The ability of antibodies (20 µg/ml) or GSI (5 µM) to inhibit Notch1 target gene expression (HES1, HES5, DTX1) was analyzed by quantitative real time PCR (qRT-PCR) of mRNA extracted from LS-1034 or TALL-1 cancer cell lines co-cultured with Flp-In 3T3-Jag2 cells for 22 h at 37°C. qRT-PCR was performed in triplicate with the Stratagene Mx3005P (Agilent Technologies, BioCrest Manufacturing, Cedar Creek, TX). Values were normalized on the basis of GAPDH mRNA expression. Gene expression (% mRNA remaining) normalized to Jag2-dependent signal (100%) from at least four experiments is represented (error bars indicate error standard, *p<0.05).

Figure 5. LBD and NRR antibodies bind to cancer cell lines.

Notch1 surface expression in LS-1034, TALL-1, BxPC3, and Colo_205 cancer cell lines was examined by flow cytometry (FACSCalibur, BD BioSciences, San Jose, CA) after staining of cells with the LBD antibody WC613 (green line) or NRR antibody WC75 (red line), and R-PE-conjugated anti-human IgG antibody (Jackson ImmunoResearch,, Inc., West Grove, PA). An irrelevant human IgG isotype antibody (hIgG) (blue line) was used as negative control.

Figure 6. NRR antibody WC75 inhibits ligand-independent signaling by Notch1 receptors harboring T-ALL-associated mutations.

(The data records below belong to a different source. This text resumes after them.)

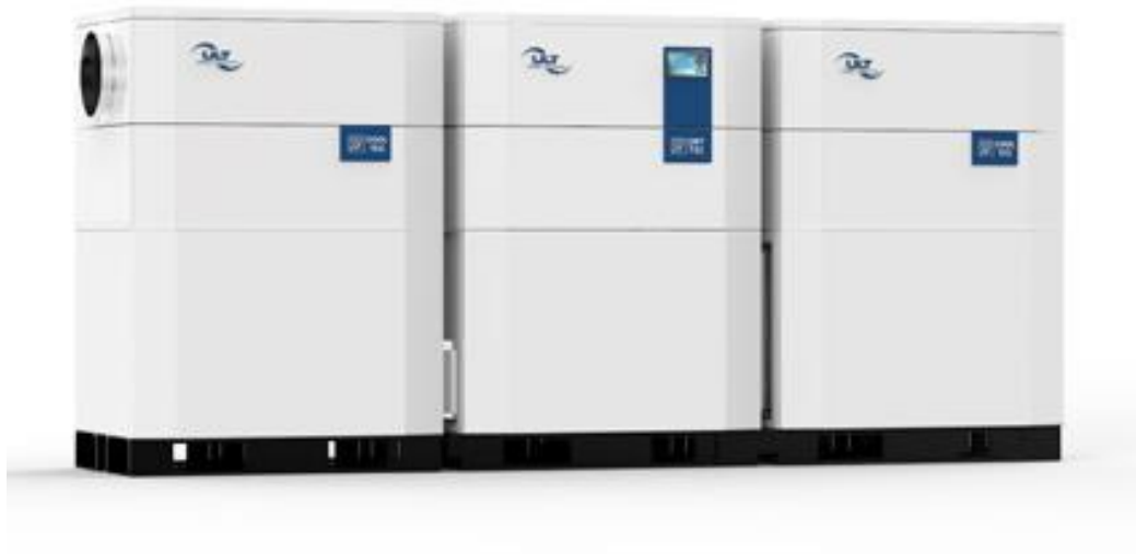
Bild: Modulares Konzept ULT Dry-Tec® mit Vor- und Nachkühlermodulen

Das ULT Dry-Tec-Modulkonzept bietet Betreibern die Möglichkeit, sich aus standardisierten Anlagenteilen eine auf die Prozessanforderungen passende Anlage zur Luftkonditionierung zusammenzustellen. Das Modulkonzept ermöglicht außerdem auch bei limitierten Platzverhältnissen eine flexible Einbringung und Aufstellung kleinerer Einzelanlagenkomponenten in bestehenden Technikräumen. Zusätzlich haben Anwender die Möglichkeit, die zahlreichen Optionen des Konzeptes zu nutzen, um sich die Anlage individuell auf ihre Bedürfnisse anzupassen. So ist beispielsweise die Einbindung und Steuerung der Anlage über die Gebäudeleittechnik vor Ort für viele verschiedene Systeme verfügbar.
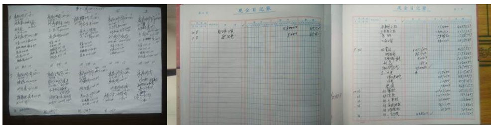
图 23 现金流水账组图
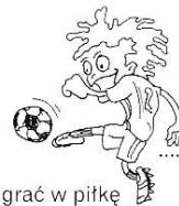
grać w piłkę
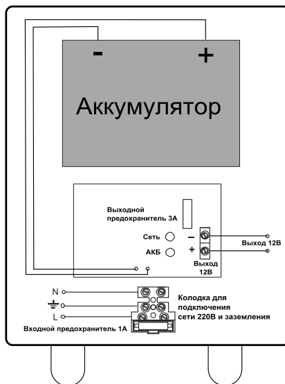
Схема подключения источника согласно рис. 1
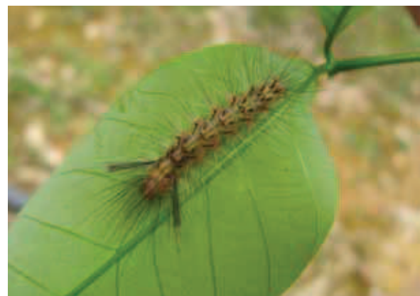
FIGURA 1. PRINCIPALES ARTRÓPODOS-PLAGA ASOCIADOS A UNA PARCELA POLICLONAL DE H. BRASILIENSIS SITUADA EN LA LOCALIDAD DE ITARCA (MONTAÑITA, CAQUETÁ – AMAZONIA COLOMBIANA). A. HORMIGA ARRIERA ( ATTA SP.). B. GUSANO CACHÓN ( E. ELLO ). C. CHINCHE DE ENCAJE ( L. HEVEAE ). D. GUSANO PELUDO ( P. SEMIRRUF A). FOTOGRAFÍAS: LOS AUTORES.
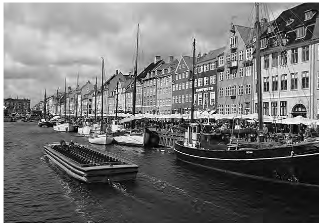
El canal 'Nyhavn' en Copenhague, Dinamarca, se construyó en el siglo XVII para unir el puerto con la ciudad. Hoy está bordeado por casas de estilo holandés en distintos colores que hacen una foto postal que le da identidad.

En ediciones anteriores (ver REGION® Nº 1.357, 1.358, 1.359 y 1.360) publicamos cuatro partes de una serie de notas sobre "Un recorrido junto al Mar Báltico", correspondiendo la primera a la "Planificación", la segunda dedicada a Alemania y Po-

T-REX-U2OS cells were transiently co-transfected with a 4xCSL-luciferase reporter construct and full-length Notch1 cDNA constructs encoding mutated receptors that exhibit ligand-independent activation of Notch signaling: (A) class I point mutations; (B) insertional mutations p12 (class II), Jurkat (class III) and VSV (juxtamembrane). Activity of luciferase after treatment with the NRR WC75 Notch1 antibody (10 µg/ml) was measured in cell lysates using the Bright-Glo assay kit (Promega). Reporter activity induced by the wt-Notch1 construct was used as baseline control. Error bars represent standard deviation.

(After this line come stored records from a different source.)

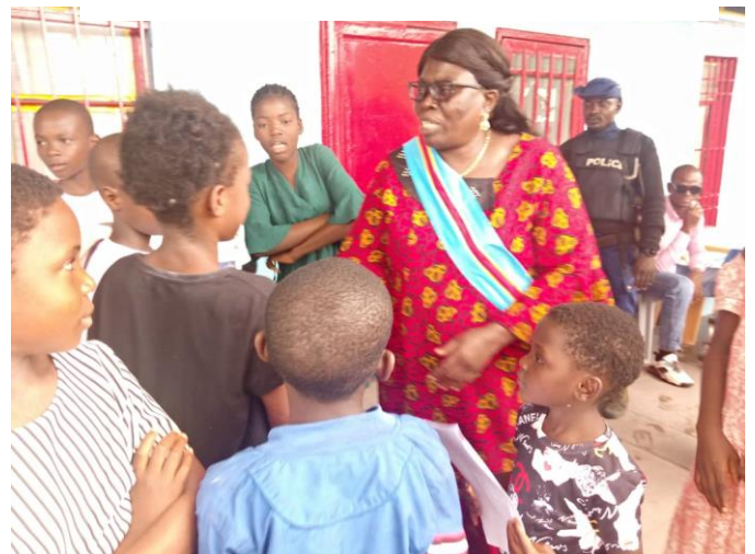
La remise de la note de plaidoyer à la bourgmestre de la commune de Kalamu
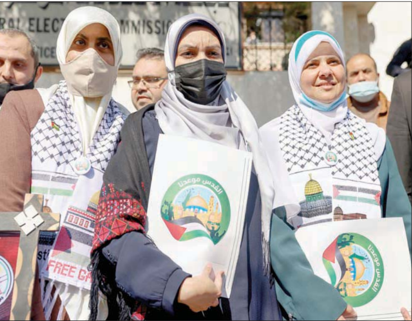
وصول ممثلين عن «حماس» لتسجيل قوائمهم الانتخابية في غزة الشهر الماضي

دولة فلسطين من أجل مناقشة توفير المناخ والبيئة الملائمة، لإجراء الانتخابات بكامل الأراضي الفلسطينية بما فيها القدس الشرقية. وقال سفير فلسطين لدى الاتحاد الأوروبي، عبد الرحيم الفخرا، إن المسؤولين الأوروبيين جددوا رفضهم القاطع لوضع عراقيل أمام إجراء الانتخابات الفلسطينية.
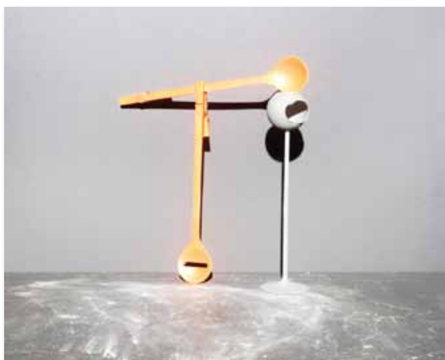
▣ © Jos de Gruyter & Harald Thys. Objekte als Freunde , 2010. Courtesy of the artists

De Belgische kunstenaars Jos de Gruyter (°Geel 1965) en Harald Thys (° Wilrijk 1966) zijn vanaf deze zomer te zien in Mu.ZEE met de tentoonstelling Objekte als Freunde .
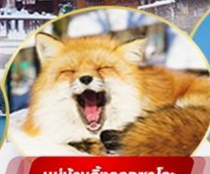
หมู่บ้านจิ้งจอกซาโอะ
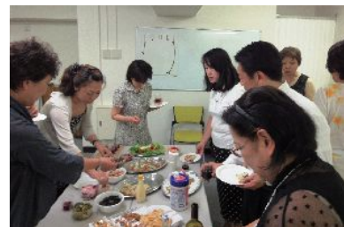
美味しいワインとカナッペ&チーズ！
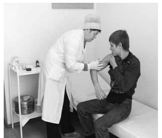
Материалы подготовили Ирина ЗИНЧЕНКО, пресс-службы администрации, САЗа
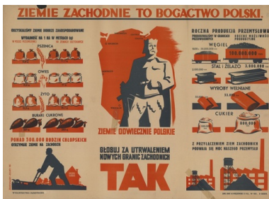
Plakat propagandowy z kampanii referendalnej w 1946 r.

Pierwsi Kresowianie dotarli na Górny Śląsk już w lutym 1945 r., niebawem po ukonstytuowaniu się polskich władz w Katowicach i niedługo po tym, jak w wyniku operacji sandomiersko-śląskiej Armia Czerwona zmusiła jednostki niemieckie do wycofania się za linię Odry. Opuszczona przez Niemców, silnie zurbanizowana aglomeracja katowicka dawała nadzieję na polepszenie egzystencji i przeczekaanie w znośniejszych warunkach do momentu, kiedy będzie można bezpiecznie wrócić do domów pozostawionych na wschodzie, w co większość wierzyła jeszcze długo po tym, kiedy oficjalnie ogłoszono nowy kształt terytorialny powojennej Polski.
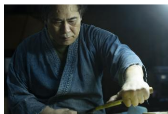
桑原鍛冶工房での蚊焼庖丁体験
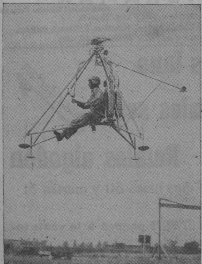
El primer helicóptero de propulsión a chorro de la Marina norteamericana, el RH-1, se eleva en el aire en unas pruebas efectuadas en la base aérea de la Marina de Los Alamitos (California). Se ha tardado cerca de cuatro años en diseñar este monoplaza. Sus características le hacen recomendable para las operaciones de reconocimiento y observación. Una de las novedades de este helicóptero es el control del motor por medio de una válvula. Los modelos anteriores sólo disponen de encendido y apagado.

Madrid, 27.—El ministerio de Educación Nacional distribuye un crédito de 273.000 pesetas, incluidos gastos de calefacción y luz, a las bibliotecas de varias capitales y ciudades españolas, correspondiendo a la de Segovia la cantidad de 4.000 pesetas.
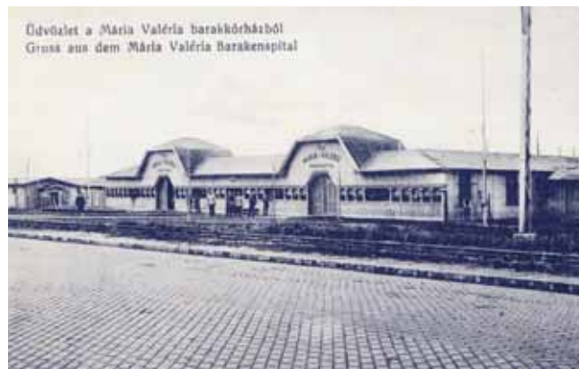
Üdvözet a Mária Valéria barakkkórházból Gruss aus dem Mária Valéria Barakkenospital

Budapest egyik legegységibb városrészének története meglehetősen változatos, és e történetnek mindig akad egy olyan fejezete, melyet érdemes felidézni. A mai Ecséri út, Üllői út, Határ út és Gyáli út által határolt területet az 1860-as években katonai gyakorlóterként jelezték a korabeli térképeken, de egyes részeit sertéslegelőként is használták. Ebben az időben két természetes tó is húzódtott itt, melyek itatásra voltak hivatva, neveik használatukat is elárulták: Nagy Sertés tó és Kis Sertés tó. A 19. század végére a tavakat feltöltötték, a közeli laktanyák ezredei számára lőtérként és felvonulási területként szolgált az első világháború kitöréséig az Üllői út e része. 1914 őszétől a frontról egyre nagyobb számban érkeztek sebesültek Budapestre, ellátásukra a fővárosban több helyen is hadikórházakat létesítettek. Az egyik legnagyobb alapterületű, Mária Valéria főhercegnő nevét viselő intézmény a gyakorlóterületén már ez év végén megnyílt. 1916-ra a kórháztelepen 120 barakkot létesítettek, a telep másfél kilométer hosszúságú és ötszáz
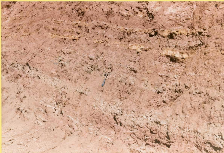
9184 Detalle de la misma unidad al norte de la Hoja en las proximidades de Mon tillana.
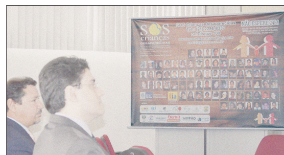
Novo cartaz do Programa SOS também foi lançado no evento
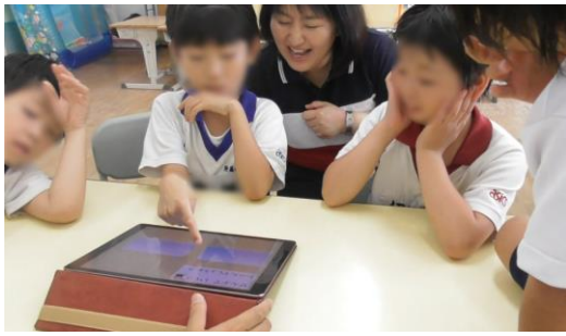
写真1 タブレット端末を操作するAさん
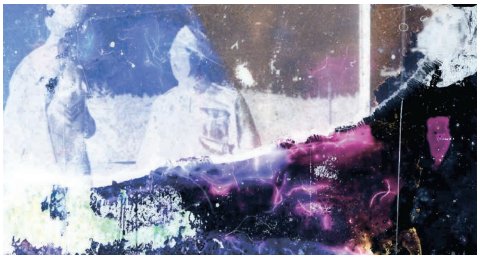
↑ Bulbe tragique de Guillaume Vallée (2016)

Figure 7. Comparison of the effects of NRR antibody WC75 or GSI on Notch1-dependent target gene expression in DND-41 cells.

A) Following treatment of DND-41 cells for 72 hr with either DMSO (0.08%), GSI (compound E, 1 µM), control nonspecific human antibody (10 µg/ml), or NRR antibody WC75 (10 µg/ml), the expression levels of 20 genes that define a T-ALL-specific Notch1 signature were measured with a ligation-mediated amplification/fluorescent bead-based detection system. Each column represents an independent experimental replicate. Dark red indicates high gene expression and dark blue low gene expression. Notch marker gene expression is depicted as a ratio of the expression of the marker gene relative to the mean of four control genes. The summed score combines expression ratios by summing them with a sign determined by the expected direction of regulation as determined from the positive controls (GSI-treated). The weighted summed score metric is a variant of the summed score metric that combines expression ratios by summing them with a weight and sign determined by the signal-to-noise ratio of the positive control (GSI-treated) and negative controls (DMSO-treated). B) DTX1 and c-MYC expression levels assessed by qRT-PCR following 3 days of treatment of DND-41 cells with control nonspecific human antibody (IgG, 10 µg/ml), WC75 NRR-N1 antibody (10 µg/ml), or GSI (compound E, 1 µM). Expression of each transcript was determined in triplicate, and each experiment was repeated three times.

Figure 8. NRR WC75 Notch1 antibody proliferation of T-ALL cells.

Proliferation of DND-41 (L1594P/D1610V NRR-N1 mutations) and KOPT-K1 (L1601P NRR-N1 mutation) cells (2.5×10³ cells/well) was assessed in a 384-well format for up to 5 days in the presence of either the WC75 antibody (10 µg/ml) or the gamma secretase inhibitor compound E (GSI, 100 nM). Growth inhibition was measured by CellTiter-Glo® (Promega).